Task data →
=====
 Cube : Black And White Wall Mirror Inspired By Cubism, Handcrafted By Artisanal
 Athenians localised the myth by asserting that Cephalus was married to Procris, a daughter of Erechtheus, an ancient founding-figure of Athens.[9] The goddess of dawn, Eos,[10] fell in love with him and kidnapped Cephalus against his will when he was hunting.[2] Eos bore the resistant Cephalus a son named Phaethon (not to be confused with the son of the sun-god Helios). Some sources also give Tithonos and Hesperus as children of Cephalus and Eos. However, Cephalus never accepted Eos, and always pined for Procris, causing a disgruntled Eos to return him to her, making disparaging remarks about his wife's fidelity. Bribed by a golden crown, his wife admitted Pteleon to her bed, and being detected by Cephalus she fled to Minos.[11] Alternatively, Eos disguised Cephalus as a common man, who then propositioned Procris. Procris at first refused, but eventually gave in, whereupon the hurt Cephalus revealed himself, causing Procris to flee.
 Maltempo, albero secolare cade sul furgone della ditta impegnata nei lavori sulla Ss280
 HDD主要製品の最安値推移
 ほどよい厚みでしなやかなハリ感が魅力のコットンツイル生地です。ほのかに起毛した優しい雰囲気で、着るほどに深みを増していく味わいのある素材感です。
=====
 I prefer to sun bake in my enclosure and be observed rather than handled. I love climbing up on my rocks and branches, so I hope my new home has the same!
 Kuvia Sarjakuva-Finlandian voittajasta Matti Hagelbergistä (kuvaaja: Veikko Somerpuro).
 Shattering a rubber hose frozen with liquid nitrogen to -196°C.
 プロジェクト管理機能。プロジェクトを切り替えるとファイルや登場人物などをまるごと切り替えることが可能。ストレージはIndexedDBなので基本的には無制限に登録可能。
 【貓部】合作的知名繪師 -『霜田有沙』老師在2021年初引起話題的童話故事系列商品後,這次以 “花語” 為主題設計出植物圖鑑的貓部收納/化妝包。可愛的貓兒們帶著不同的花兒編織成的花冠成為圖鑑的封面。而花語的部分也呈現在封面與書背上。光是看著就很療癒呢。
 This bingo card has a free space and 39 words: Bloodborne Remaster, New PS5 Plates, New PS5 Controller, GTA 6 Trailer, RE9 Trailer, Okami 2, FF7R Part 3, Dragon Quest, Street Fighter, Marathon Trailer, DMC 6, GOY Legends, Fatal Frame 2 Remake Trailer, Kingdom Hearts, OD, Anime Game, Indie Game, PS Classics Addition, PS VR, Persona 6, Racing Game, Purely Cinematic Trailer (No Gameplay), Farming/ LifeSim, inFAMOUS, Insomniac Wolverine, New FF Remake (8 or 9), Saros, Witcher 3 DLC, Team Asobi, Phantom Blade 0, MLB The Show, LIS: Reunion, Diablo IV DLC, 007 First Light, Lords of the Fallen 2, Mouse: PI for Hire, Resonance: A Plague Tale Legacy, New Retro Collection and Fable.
=====
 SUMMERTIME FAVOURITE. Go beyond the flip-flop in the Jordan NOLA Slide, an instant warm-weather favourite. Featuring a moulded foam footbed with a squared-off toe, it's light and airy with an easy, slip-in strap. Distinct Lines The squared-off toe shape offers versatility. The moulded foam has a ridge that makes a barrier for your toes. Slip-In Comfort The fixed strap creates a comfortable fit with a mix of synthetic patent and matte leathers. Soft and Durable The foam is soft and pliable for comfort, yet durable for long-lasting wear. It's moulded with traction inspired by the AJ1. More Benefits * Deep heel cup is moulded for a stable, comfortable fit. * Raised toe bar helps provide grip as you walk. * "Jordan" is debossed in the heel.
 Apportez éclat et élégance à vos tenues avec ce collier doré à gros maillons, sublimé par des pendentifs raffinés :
=====
What the task requires →
The lines above from the one containing "Cube : Black" through the one containing "ほどよい厚みでしなやかなハリ" are to be set down exactly, and no others.

The completed task →
 Cube : Black And White Wall Mirror Inspired By Cubism, Handcrafted By Artisanal
 Athenians localised the myth by asserting that Cephalus was married to Procris, a daughter of Erechtheus, an ancient founding-figure of Athens.[9] The goddess of dawn, Eos,[10] fell in love with him and kidnapped Cephalus against his will when he was hunting.[2] Eos bore the resistant Cephalus a son named Phaethon (not to be confused with the son of the sun-god Helios). Some sources also give Tithonos and Hesperus as children of Cephalus and Eos. However, Cephalus never accepted Eos, and always pined for Procris, causing a disgruntled Eos to return him to her, making disparaging remarks about his wife's fidelity. Bribed by a golden crown, his wife admitted Pteleon to her bed, and being detected by Cephalus she fled to Minos.[11] Alternatively, Eos disguised Cephalus as a common man, who then propositioned Procris. Procris at first refused, but eventually gave in, whereupon the hurt Cephalus revealed himself, causing Procris to flee.
 Maltempo, albero secolare cade sul furgone della ditta impegnata nei lavori sulla Ss280
 HDD主要製品の最安値推移
 ほどよい厚みでしなやかなハリ感が魅力のコットンツイル生地です。ほのかに起毛した優しい雰囲気で、着るほどに深みを増していく味わいのある素材感です。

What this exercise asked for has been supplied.